Capacity 1 is the key design choice. The channel is not a history buffer. It is a "latest snapshot handoff" slot:

text
empty channel
  -> producer writes snapshot A

consumer reads A before the next publish
  -> normal case

consumer is late and snapshot A is still in the channel
  -> producer writes snapshot B
  -> DropOldest removes A
  -> B becomes the only queued snapshot

That behavior matches operator telemetry. If the UI/state pipeline briefly falls behind, showing a 300 ms old temperature snapshot before a fresh one is not useful. The operator cares about the freshest current machine picture. Historical telemetry would need a separate persistence pipeline with its own retention policy.

This is a better fit than ConcurrentQueue<TagSnapshot> because a queue does not give you a complete backpressure story by itself. A queue can grow forever unless you build capacity and drop behavior around it. The channel has that policy built in.

The producer uses TryWrite, not WriteAsync, because it does not want to wait. With DropOldest, the expected behavior under lag is replacement, not producer slowdown. That matters in this app because the source is a simulator for machine-side data. A slow UI update should not change the simulated machine's notion of "current values."

The consumer uses ReadAllAsync(stoppingToken) because it reads like the lifecycle: keep consuming until the channel completes or the host asks the service to stop. It also avoids a polling loop. The consumer sleeps efficiently when there is no snapshot, wakes when one arrives, and exits cleanly when cancellation or channel completion occurs.

The channel also narrows ownership:

  • the producer owns the ChannelWriter<TagSnapshot>
  • the application service only receives a ChannelReader<TagSnapshot>
  • callers through ITagStream cannot accidentally publish into the stream

This is why ITagStream.Reader exposes only the reader side. It preserves the single producer/single consumer assumption and makes the stream easier to replace later with a real driver-backed implementation.

.NET Technique: BackgroundService As The Consumer Owner

TagStreamPipelineService inherits from BackgroundService. That is the right shape for a long-running app pipeline:

  • the generic host starts it
  • the generic host gives it a shutdown token
  • the service owns the read loop
  • normal cancellation is handled as normal shutdown

The service does not know how samples are simulated. It only knows the ITagStream contract:

  • here is a ChannelReader<TagSnapshot>
  • here is the current snapshot coalesce count
  • here are tag definitions if a reader needs metadata

That boundary is important. A future real telemetry source can implement ITagStream without changing the application service that writes to AppState.

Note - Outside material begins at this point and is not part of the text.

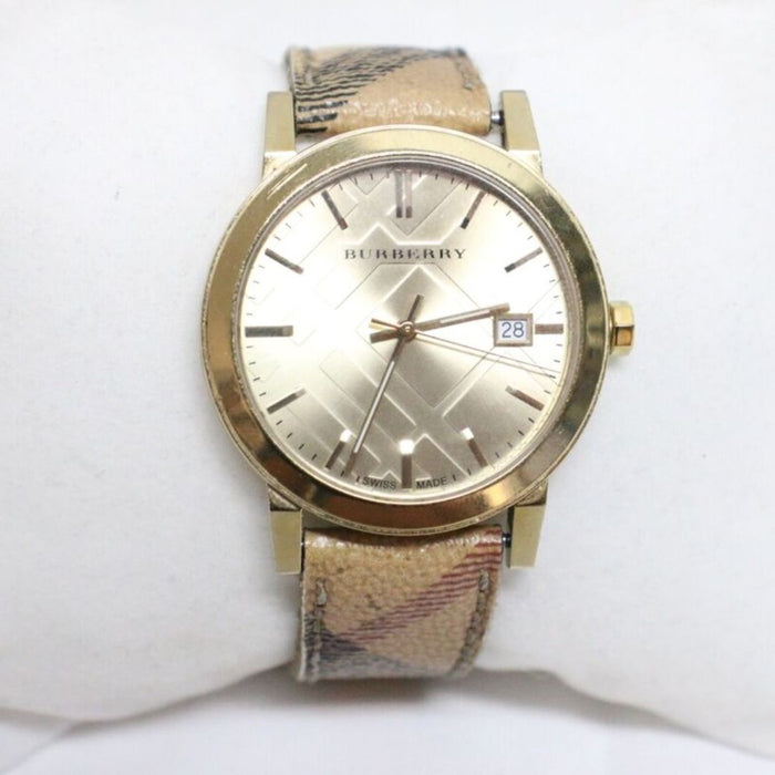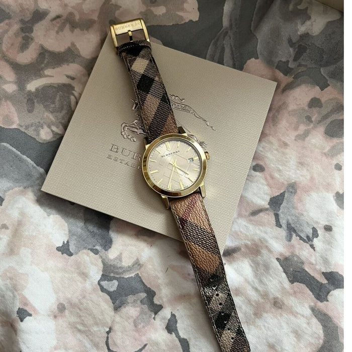 Burberry Gold Dial Watch with Iconic Check Fabric - Authentic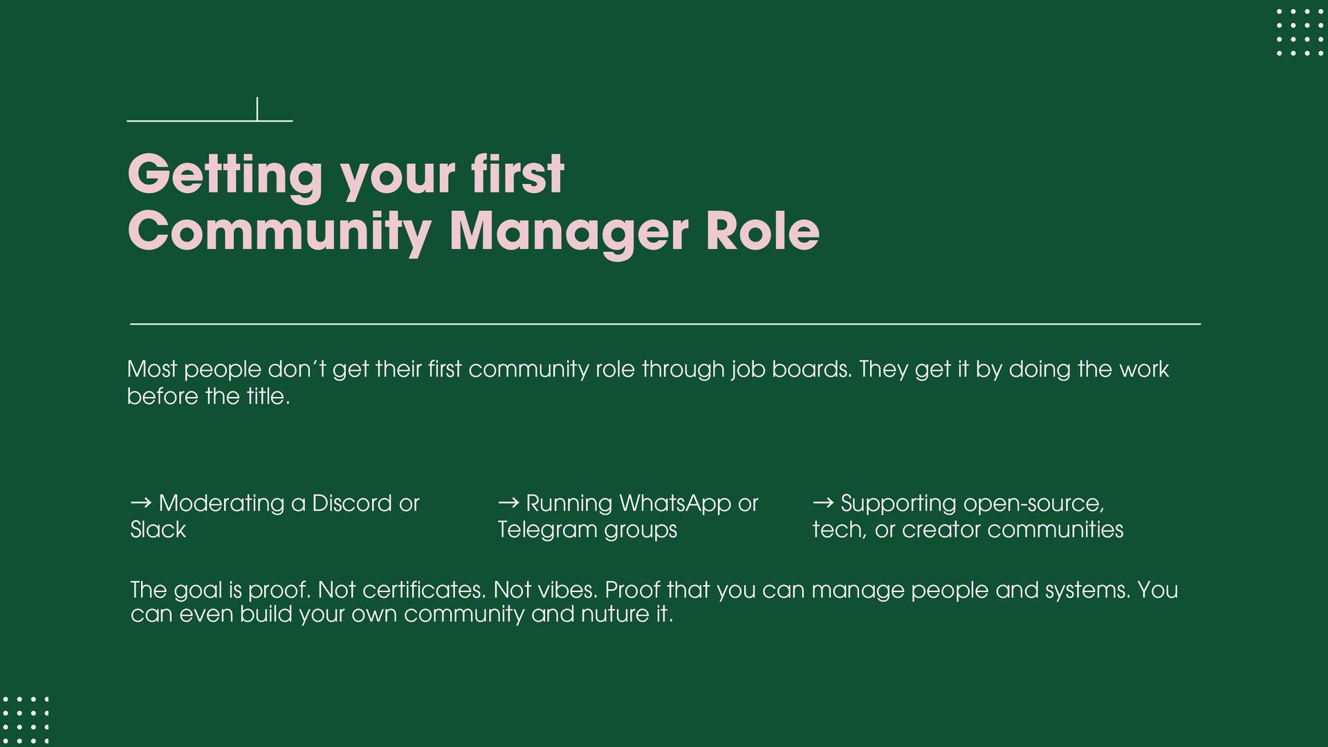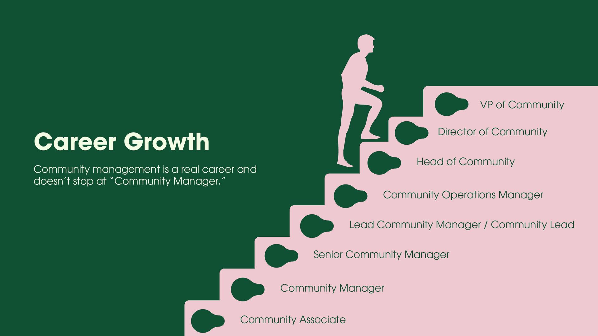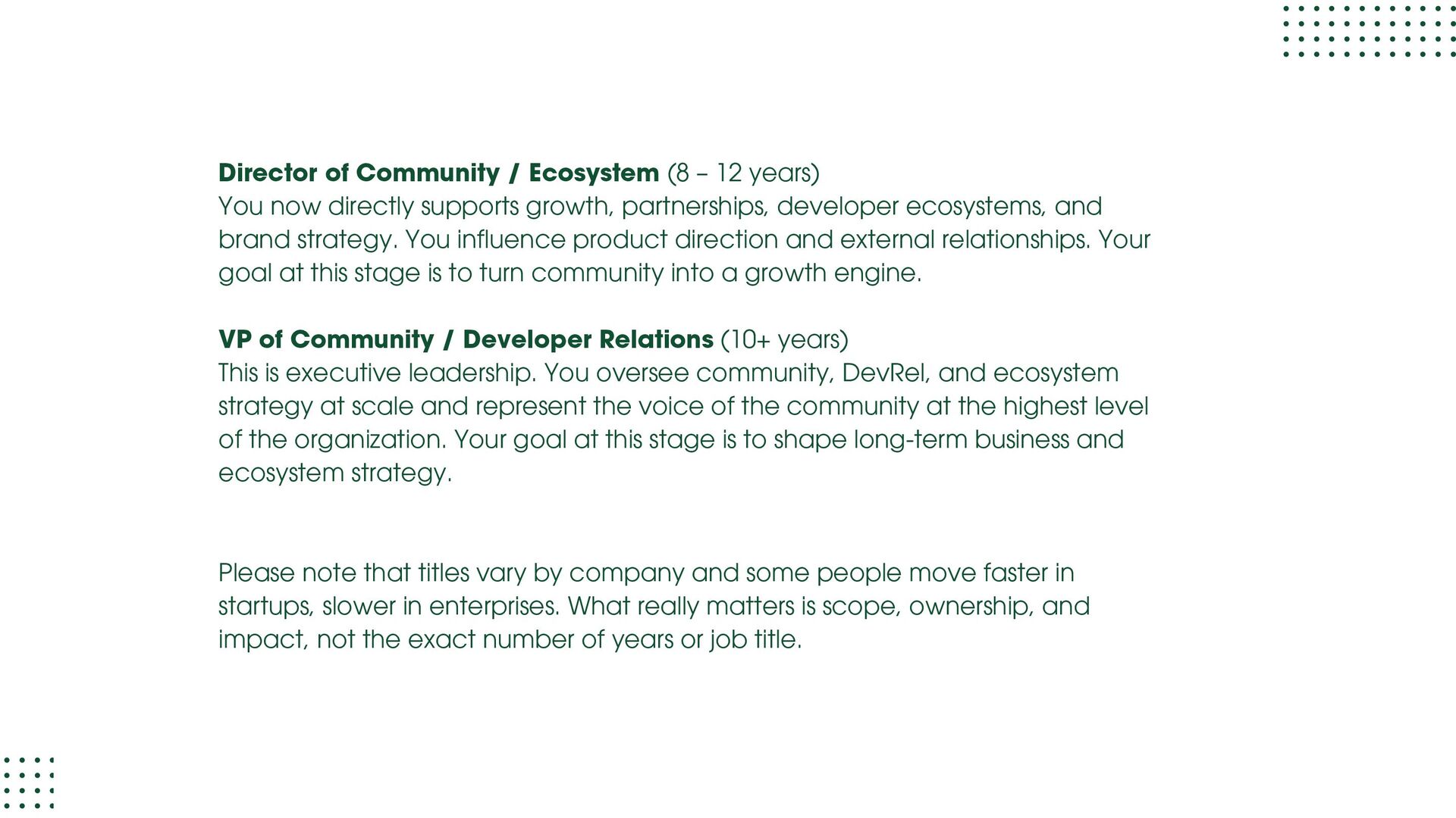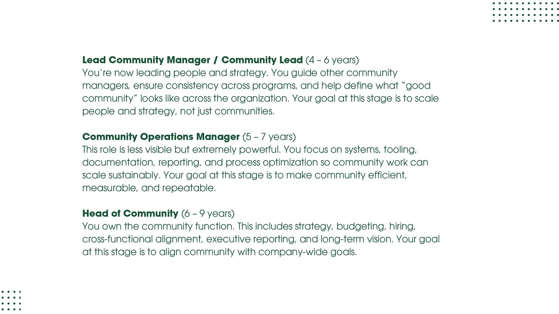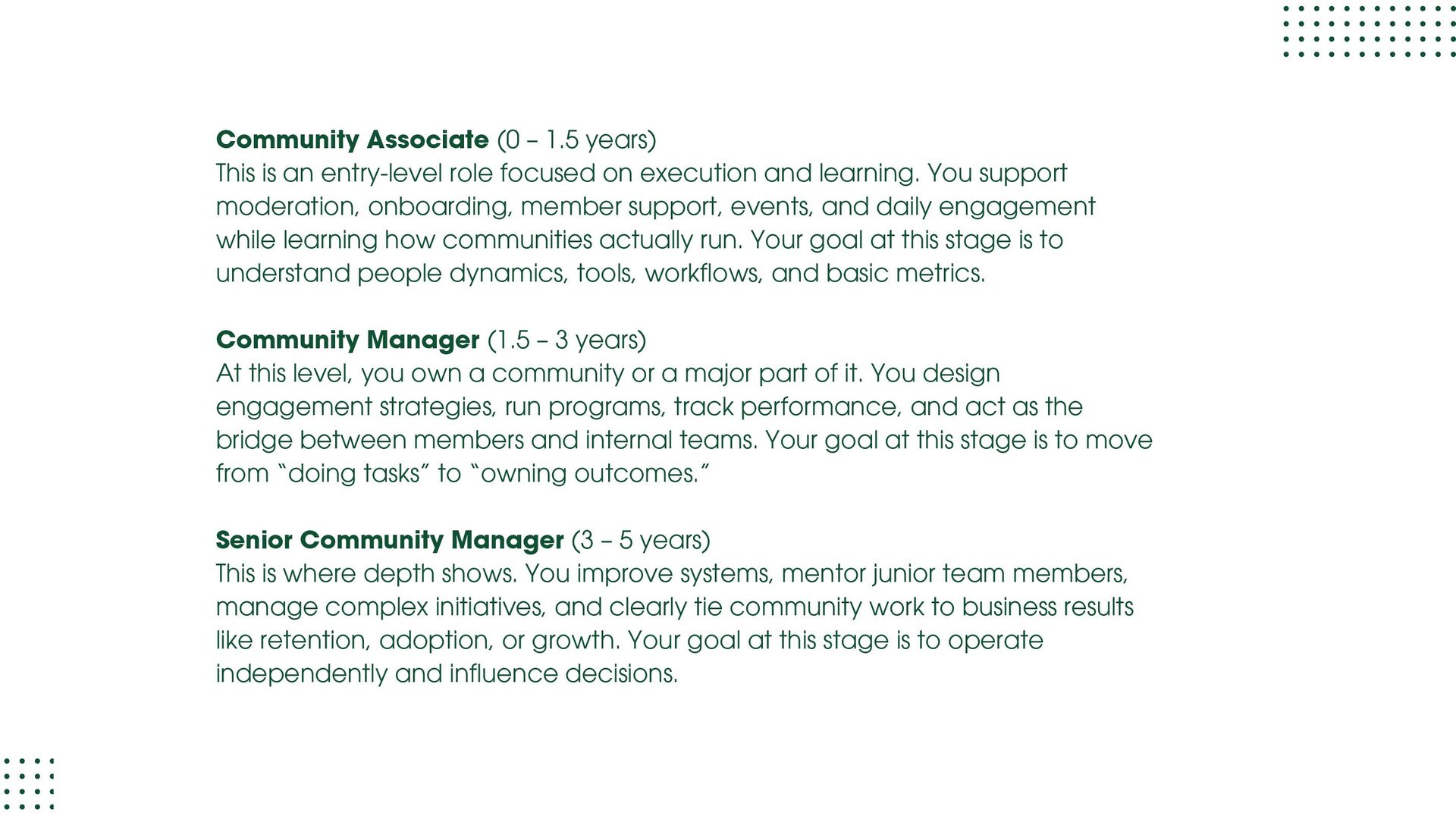 role focused on execution and learning. You support moderation, onboarding, member support, events, and daily engagement while learning how communities actually run. Your goal at this stage is to understand people dynamics, tools, workflows, and basic metrics. Community Manager (1.5 – 3 years) At this level, you own a community or a major part of it. You design engagement strategies, run programs, track performance, and act as the bridge between members and internal teams. Your goal at this stage is to move from “doing tasks” to “owning outcomes.” Senior Community Manager (3 – 5 years) This is where depth shows. You improve systems, mentor junior team members, manage complex initiatives, and clearly tie community work to business results like retention, adoption, or growth. Your goal at this stage is to operate independently and influence decisions.

.NET Technique: ConcurrentDictionary For Hot Mutable Cells

The producer has many writers:

  • one emitter task per tag
  • each task writes its own tag key
  • one publisher task enumerates all latest values

A normal Dictionary<string, TagSample> would not be safe here. The producer uses ConcurrentDictionary<string, TagSample> because the writes and reads happen from different tasks.

The important detail is that the dictionary is not the public app state. It is an internal hot structure. The app never binds the UI to it. The publisher copies it into an immutable map before crossing the application boundary.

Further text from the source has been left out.